Склон кончился. Трава уже выше головы. Под ногами песок. Вдруг прямо перед моим носом из травы — серая круглая громадина — валун. Подобрался я к нему, спрятался, стал потихоньку спину разгибать. Поднял голову и… очутился лицом к лицу с огромным сивучем. Стоим мы с ним по обе стороны камня и смотрим друг на друга.

Сивуч то и дело поводил шеей, и от этого у него под шкурой переливался жир. Видел он плохо, но чуял опасность, принюхивался и старался понять: откуда этот незнакомый тревожный запах?

А я стоял не шевелясь. Зверь смотрел на меня мутными глазами, недоумевая: камень я или что-то живое?

Не выдержав, я моргнул. Сивуч заметил это и, издав хриплый рев, круто повалился на бок. Качнулся и задрожал желтый бок, вылетел из-под ластов песок. Раскачиваясь из стороны в сторону, зверь вскачь помчался к воде. По пути врезался в груду других сивучей. Те, как по команде, вскочили и, тревожно трубя, обрушились в воду. Пенная волна выхлестнула на берег!

То ныряя, то показываясь, великаны поплыли прочь.

Стало смеркаться — надо было искать место для ночлега.

В одном месте над лайдой нависала скала. На плоскую ее вершину ветер нанес земли, на земле выросла трава. К скале то и дело с криками подлетали маленькие черные птицы с красными широкими носами — топорики.

Я положил под скалой рюкзак, достал спальный мешок, забрался в него с головой и долго лежал согреваясь. Ветер дул не переставая, острые песчинки, пролетая, царапали мешок.

Потом я заснул и даже не слышал, как ночью шел дождь.

Проснулся рано, стряхнул с мешка воду, подумал: «В вагончике-то тепло!» Сразу захотелось назад, к Чугункову, к Юре, к чайнику, весело поющему на плите.

Нельзя, надо идти.

Обратно шел быстро. Перевалив через скалу-непропуск, снова вышел на пляж.

В стороне от воды в неглубокой воронке лежал котик. Шкура на боку облезла, рой мух. Котик лежал прямо на пути, и я решил не сворачивать.

Зверь забеспокоился только тогда, когда я оказался совсем рядом.
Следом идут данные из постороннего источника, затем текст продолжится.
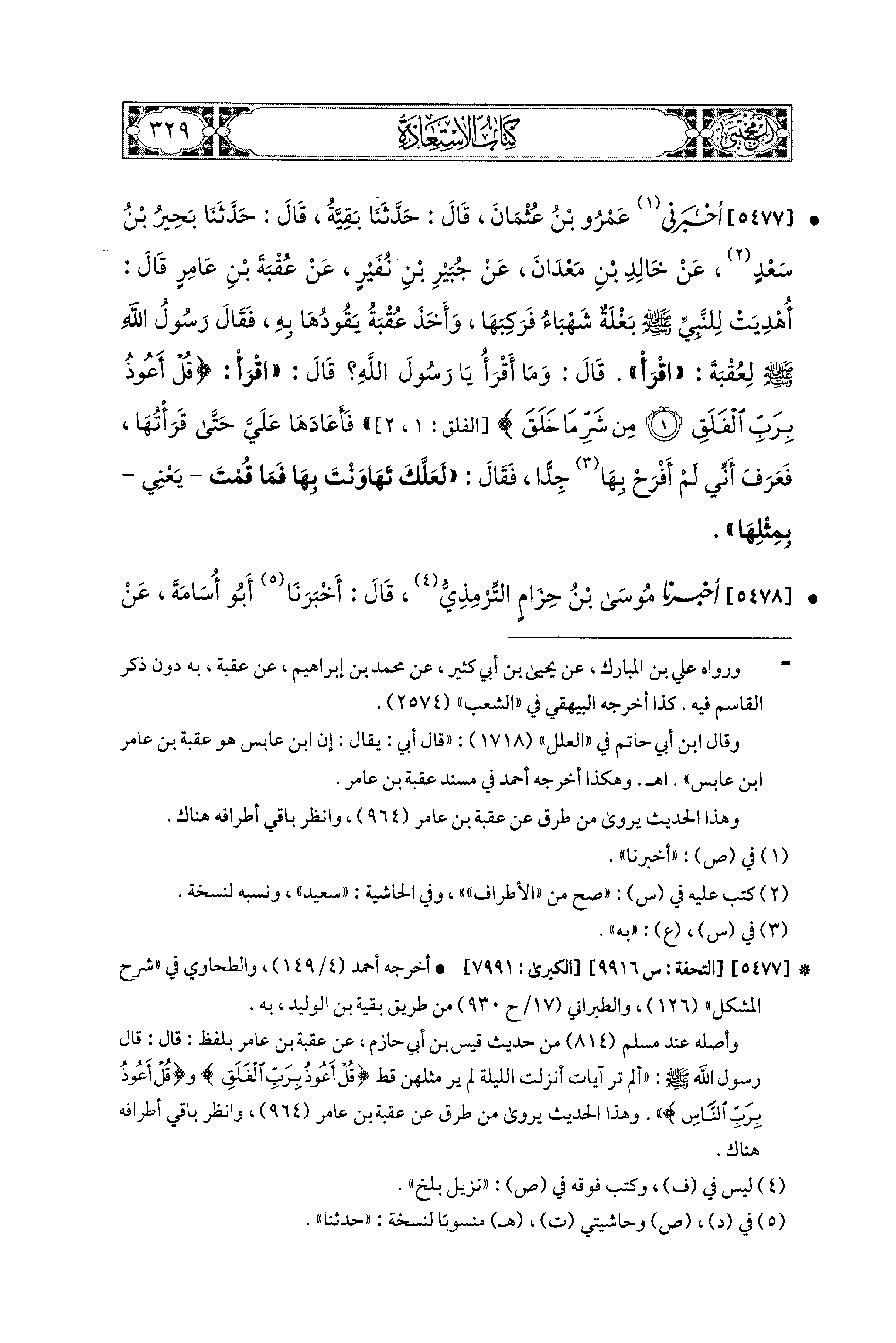 5477- أَخْبَرَنِي عَمْرُو بنُ عُثْمَانَ، قال: حَدَّثنا بَقِيَّةُ، قال: حَدَّثنا بَحِيرُ بنُ سَعْدٍ، عَن خَالِدِ بْنِ مَعْدَانَ، عَن جُبَيْرِ بْنِ نُفَيْرٍ، عَن عُقْبَةَ بْنِ عَامِرٍ قَالَ: أُهْدِيَتْ لِلنَّبِيِّ صَلى الله عَليه وسَلم بَغْلَةٌ شَهْبَاءُ فَرَكِبَهَا، وَأَخَذَ عُقْبَةُ يَقُودُهَا بِهِ، فَقَالَ رَسُولُ اللهِ صَلى الله عَليه وسَلم لِعُقْبَةَ: اقْرَأْ، قَالَ: وَمَا أَقْرَأُ يَا رَسُولَ اللهِ؟ قَالَ: اقْرَأْ {قُلْ أَعُوذُ بِرَبِّ الفَلَقِ مِنْ شَرِّ مَا خَلَقَ} فَأَعَادَهَا عَلَيَّ حَتَّى قَرَأْتُهَا، فَعَرَفَ أَنِّي لَمْ أَفْرَحْ بِهَا جِدًّا، فَقَالَ: لَعَلَّكَ تَهَاوَنْتَ بِهَا، فَمَا قُمْتَ، يَعْنِي بِمِثْلِهَا.

Ветер относил мой запах в сторону, и поэтому котик не понял, кто приближается. Он вытянул навстречу мне узкую, с повисшими усами морду и глухо рявкнул. Потом завозился, пытаясь выбраться из воронки. Слепые глаза тщетно старались разглядеть — кто перед ним? Мне стало жалко его, и я остановился. Моя неподвижность обманула животное. Котик, шумно вздохнув, улегся снова.

Прошумели крылья. На песок села чайка. Она покосилась на меня красным нахальным глазом, соскочила в воронку и, сунув клюв под зверя, вырвала из живота его клок шерсти. Поклевав, птица лениво взмахнула крыльями и полетела прочь.

Я сделал осторожно шаг назад. Котик вздрогнул во сне. «Это его последнее лето», — подумалось мне.

В селении меня ждали плохие новости: катера на Арий Камень не собирались.

Приходил Кирюха. Он садился на стуле в углу, мял в руках полосатую шапочку и, пряча глаза, говорил:

— И сегодня никак. Завтра пойдем…

Мне не давали покоя вопросы: кто он? Как попал на остров?

— Кирилл, ты давно здесь, на Беринге?

— Второй год.

— Где работаешь?

— На звероферме. Плотником.

— Родом-то откуда?

Я расспрашивал, словно клещами вытягивал. Он рассказал.

Родился в Донбассе. Шахтерские поселки стоят там густо, один кончается начинается другой, садики лепятся забор к забору, курятники и гаражи лезут друг на друга. По вечерам на скамеечки у калиток рассаживаются, как на смотрины, старухи.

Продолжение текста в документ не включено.